SJ, my first car after I got married was my dad's Vega station wagon, a true rustbucket with fake wood on the side. I remember driving it on the expressway through downtown Philly when it dropped its muffler. I tied a rope around the muffler and my wife, in the passenger seat, held on to the other end to keep it from dragging on the road and throwing off sparks. As we limped home, a dude passed us and yelled "GET THAT PIECE OF SH!T OFF THE ROAD!". And my wife yelled back "WE'RE TRYING!!!"
My brother had a '74, 4-banger, bone stock and still < 1 year old at the time, manual tranny (he bought it new, for $1,999.99). I got the power lag down (pedal to the floor, about 1 sec to what actually wasn't bad power for a car that size), and could actually do far, far, better on more serpentine roads and gravel than the guys who were driving cars set up to drag race. On the straight stretches they blew the doors off that thing, but I had them cold in the turns.
In a contest of speed on the approach road to the Steel Plant (fabrication, not a mill) I worked in during a couple of summers in college, I beat a Mustang which was very nicely set up for drag racing over the two mile course. He had me in the straight stretch (as I knew he would) but I closed it up in the turns and started beeping my horn to rattle him. He went high, I went low, and a lot of money changed hands back at the plant. He thought I'd pulled something with a sleeper until I popped the hood and showed off the factory 4-banger.
(Physics is our friend.)
If my brother had known...he would have killed me.
Years later, as a favor to a friend who was moving, I bought a '73 hatchback which was a complete bondo buggy. It would have been banned in Bowman, ND, which has an ordinance against ugly cars in town. No matter how vague the ordinance, this mustard yellow, peeled bondo, and rust brown car would have unquestionably qualified.
One of the last things my friend had done before leaving town was park the car on a fairly sizeable rock, and he'd bent the bottom of the oil pan among other things. The oil industry had been flat a few years and money was tight, so I gave him the 20 bucks and parked it in back, thinking maybe I'd use something off it. Unfortunately, my daily driver suffered a catastrophic failure and I
needed a vehicle.
I jacked the front end back into something approximating original specs with a jack between the cross member the radiator mounted above and the front of the engine, got another radiator, put it together (as well as the bolts would hold anything) and fired it up. The crank journals hit the oil pan and made a hideous racket, but the darned thing ran--sorta. Anyway, well enough to get me around town, which was what I needed at the time. I'm cheap, I drove it for a couple of years before upgrading, just because it kept running.

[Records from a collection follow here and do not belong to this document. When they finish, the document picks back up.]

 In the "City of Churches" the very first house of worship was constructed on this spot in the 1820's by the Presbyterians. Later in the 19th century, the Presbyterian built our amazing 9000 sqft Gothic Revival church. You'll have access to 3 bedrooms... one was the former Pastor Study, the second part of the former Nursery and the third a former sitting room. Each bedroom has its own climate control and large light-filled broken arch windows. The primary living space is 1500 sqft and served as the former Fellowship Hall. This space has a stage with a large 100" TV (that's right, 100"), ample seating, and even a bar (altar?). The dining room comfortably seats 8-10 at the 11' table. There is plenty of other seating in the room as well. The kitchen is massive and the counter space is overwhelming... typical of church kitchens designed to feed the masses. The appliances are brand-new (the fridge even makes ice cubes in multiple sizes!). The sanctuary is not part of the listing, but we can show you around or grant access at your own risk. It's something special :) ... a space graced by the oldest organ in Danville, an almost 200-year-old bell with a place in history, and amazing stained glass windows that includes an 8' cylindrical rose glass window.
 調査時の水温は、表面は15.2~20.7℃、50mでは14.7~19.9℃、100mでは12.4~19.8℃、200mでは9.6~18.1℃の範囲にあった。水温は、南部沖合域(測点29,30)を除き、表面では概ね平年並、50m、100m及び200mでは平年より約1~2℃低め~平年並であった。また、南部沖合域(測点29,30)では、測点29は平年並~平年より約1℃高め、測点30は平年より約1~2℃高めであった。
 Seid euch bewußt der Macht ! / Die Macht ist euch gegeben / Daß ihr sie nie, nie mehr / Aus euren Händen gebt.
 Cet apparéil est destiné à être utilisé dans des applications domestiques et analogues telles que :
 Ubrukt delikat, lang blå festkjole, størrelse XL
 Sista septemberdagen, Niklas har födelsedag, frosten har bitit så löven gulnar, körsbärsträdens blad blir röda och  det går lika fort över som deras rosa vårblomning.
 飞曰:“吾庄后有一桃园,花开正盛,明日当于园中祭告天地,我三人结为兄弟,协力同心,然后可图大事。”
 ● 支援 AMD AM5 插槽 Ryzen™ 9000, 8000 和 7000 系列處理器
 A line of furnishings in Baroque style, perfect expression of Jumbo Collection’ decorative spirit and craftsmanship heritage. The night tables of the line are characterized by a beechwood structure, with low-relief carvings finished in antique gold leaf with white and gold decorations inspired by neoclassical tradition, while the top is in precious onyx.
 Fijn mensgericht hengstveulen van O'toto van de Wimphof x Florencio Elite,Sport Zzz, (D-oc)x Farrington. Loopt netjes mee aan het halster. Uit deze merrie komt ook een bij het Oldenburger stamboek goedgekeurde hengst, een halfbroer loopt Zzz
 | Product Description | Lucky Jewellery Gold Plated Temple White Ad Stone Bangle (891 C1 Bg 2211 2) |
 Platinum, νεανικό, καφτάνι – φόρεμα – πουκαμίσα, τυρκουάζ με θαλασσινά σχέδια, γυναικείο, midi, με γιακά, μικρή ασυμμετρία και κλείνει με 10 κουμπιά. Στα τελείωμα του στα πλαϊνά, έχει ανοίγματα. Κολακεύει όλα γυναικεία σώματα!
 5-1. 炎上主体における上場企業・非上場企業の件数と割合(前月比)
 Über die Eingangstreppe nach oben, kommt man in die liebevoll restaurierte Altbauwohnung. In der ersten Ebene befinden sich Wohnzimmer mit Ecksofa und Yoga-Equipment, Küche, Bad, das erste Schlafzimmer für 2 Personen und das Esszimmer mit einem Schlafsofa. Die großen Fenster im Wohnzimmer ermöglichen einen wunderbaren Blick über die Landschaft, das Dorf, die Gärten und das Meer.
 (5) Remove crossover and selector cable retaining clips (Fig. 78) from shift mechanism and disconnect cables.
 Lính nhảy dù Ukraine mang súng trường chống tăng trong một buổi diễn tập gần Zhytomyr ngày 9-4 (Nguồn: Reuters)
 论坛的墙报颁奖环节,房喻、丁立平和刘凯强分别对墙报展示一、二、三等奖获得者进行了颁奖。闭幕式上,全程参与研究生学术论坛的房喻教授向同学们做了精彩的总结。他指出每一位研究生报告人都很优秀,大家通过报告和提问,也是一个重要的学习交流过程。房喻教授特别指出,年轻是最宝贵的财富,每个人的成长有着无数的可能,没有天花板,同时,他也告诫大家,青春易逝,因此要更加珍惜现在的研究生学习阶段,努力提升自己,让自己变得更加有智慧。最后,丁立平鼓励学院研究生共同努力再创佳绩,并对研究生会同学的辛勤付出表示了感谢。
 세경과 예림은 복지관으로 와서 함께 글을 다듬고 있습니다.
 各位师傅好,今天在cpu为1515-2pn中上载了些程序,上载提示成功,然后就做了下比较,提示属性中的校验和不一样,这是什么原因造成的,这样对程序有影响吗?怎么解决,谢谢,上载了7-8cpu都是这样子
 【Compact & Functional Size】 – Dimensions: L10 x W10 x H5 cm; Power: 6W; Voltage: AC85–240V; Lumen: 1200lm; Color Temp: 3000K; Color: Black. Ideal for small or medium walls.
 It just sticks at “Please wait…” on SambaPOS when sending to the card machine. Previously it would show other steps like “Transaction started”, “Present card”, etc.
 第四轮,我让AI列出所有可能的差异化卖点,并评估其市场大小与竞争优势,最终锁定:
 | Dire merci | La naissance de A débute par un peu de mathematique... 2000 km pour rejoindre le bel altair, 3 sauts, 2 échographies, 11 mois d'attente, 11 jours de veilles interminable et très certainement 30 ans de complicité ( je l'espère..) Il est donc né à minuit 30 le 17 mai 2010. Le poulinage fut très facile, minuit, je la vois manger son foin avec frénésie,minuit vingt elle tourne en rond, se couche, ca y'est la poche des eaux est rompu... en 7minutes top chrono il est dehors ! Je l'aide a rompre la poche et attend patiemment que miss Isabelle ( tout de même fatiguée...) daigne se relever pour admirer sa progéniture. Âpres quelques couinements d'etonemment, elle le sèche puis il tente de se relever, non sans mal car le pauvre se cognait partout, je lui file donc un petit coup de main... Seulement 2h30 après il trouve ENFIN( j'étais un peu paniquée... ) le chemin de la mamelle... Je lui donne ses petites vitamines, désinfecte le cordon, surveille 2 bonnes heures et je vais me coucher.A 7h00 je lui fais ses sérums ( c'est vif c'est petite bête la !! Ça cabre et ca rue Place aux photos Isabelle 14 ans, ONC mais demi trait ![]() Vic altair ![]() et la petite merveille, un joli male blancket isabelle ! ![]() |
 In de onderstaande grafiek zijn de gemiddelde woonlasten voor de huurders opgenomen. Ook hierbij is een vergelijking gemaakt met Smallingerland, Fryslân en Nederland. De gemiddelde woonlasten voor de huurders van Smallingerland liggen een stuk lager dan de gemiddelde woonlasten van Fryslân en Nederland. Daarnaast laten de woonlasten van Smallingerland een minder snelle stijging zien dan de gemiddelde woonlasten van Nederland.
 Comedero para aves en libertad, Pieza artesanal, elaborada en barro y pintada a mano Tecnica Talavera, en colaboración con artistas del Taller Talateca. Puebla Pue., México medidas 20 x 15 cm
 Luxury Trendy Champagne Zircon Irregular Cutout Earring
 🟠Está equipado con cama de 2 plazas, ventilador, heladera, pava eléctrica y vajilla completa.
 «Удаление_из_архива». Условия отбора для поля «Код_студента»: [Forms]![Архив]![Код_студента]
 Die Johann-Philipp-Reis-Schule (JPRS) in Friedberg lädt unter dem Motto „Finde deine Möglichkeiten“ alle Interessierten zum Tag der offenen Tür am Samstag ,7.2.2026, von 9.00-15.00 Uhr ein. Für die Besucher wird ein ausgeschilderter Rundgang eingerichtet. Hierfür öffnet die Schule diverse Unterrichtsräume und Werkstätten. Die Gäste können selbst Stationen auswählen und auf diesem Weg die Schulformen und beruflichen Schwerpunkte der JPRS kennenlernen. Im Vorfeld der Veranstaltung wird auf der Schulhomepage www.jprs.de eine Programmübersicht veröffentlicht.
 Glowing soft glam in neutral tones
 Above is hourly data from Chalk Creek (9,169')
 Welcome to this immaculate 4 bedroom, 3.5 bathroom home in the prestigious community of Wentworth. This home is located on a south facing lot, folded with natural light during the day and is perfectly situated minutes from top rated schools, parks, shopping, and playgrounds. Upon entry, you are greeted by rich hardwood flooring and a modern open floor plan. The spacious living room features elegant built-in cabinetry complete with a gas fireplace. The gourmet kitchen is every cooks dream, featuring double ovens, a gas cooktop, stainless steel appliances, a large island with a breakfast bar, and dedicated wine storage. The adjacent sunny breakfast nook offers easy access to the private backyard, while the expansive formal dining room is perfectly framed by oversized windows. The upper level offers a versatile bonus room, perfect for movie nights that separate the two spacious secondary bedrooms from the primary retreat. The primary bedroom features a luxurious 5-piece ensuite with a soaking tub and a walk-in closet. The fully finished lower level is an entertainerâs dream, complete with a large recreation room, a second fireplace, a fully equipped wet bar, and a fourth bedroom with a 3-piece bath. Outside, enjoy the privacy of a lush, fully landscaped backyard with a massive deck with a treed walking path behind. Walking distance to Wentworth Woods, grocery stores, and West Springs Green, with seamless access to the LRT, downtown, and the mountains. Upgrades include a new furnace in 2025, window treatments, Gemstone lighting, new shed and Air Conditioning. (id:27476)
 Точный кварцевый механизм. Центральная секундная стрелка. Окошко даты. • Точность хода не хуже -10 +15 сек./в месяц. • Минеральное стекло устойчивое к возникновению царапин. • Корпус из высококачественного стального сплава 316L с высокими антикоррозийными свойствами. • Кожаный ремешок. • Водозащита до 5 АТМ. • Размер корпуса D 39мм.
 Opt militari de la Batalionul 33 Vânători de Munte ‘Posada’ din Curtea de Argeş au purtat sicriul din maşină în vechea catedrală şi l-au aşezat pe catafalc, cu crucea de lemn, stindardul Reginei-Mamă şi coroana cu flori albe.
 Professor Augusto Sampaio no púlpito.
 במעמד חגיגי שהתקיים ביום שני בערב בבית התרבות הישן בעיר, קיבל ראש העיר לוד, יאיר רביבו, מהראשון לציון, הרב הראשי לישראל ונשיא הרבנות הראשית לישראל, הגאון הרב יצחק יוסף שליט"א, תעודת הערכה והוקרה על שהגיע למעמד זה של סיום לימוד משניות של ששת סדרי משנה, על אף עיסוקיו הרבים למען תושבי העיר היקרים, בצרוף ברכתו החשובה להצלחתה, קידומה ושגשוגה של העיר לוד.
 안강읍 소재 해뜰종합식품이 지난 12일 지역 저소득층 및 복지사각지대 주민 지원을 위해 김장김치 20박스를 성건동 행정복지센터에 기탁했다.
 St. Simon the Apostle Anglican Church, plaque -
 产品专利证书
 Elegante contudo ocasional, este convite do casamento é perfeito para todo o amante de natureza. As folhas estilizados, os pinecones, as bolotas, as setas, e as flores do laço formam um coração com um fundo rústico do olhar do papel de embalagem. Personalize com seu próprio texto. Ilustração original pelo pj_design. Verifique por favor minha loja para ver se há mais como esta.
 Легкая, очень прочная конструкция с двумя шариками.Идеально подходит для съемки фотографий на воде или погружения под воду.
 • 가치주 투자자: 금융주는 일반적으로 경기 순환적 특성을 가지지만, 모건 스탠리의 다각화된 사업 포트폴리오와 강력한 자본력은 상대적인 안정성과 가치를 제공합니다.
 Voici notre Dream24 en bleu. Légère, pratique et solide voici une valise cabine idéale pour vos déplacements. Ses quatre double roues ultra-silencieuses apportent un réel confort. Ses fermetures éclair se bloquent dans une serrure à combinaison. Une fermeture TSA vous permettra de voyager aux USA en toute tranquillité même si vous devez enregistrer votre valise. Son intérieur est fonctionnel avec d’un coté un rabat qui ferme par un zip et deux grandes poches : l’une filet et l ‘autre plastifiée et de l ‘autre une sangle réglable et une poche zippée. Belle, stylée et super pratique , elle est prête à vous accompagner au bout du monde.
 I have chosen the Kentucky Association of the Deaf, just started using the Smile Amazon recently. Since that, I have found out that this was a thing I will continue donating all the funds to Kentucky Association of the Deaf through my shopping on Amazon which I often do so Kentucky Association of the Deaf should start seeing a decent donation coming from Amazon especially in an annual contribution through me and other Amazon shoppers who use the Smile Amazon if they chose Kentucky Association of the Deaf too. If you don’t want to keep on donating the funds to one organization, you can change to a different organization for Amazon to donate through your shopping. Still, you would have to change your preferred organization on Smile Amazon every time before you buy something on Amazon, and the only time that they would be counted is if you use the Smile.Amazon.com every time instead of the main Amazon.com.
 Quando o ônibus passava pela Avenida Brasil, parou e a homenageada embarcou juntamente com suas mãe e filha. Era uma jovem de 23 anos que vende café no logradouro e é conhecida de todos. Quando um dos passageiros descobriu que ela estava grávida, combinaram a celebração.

On the highway, though, it shook and shimmied like Chuck Yeager's controls while breaking the sound barrier at 55, and I scared a few people who rode with me, just going down the road. Of course, I expected it, knew it was the fouled up "frame" geometry, but they didn't.
Anyway, after upgrading to a van, I parked it again, and finally sold it to a guy who wanted it for the steering gear to use in a hot rod he was building, and got more out of the car than I'd put into it, and got to drive it for a couple of years, too.
All in all, they don't owe me, and I found them to be pretty good cars for their weight class.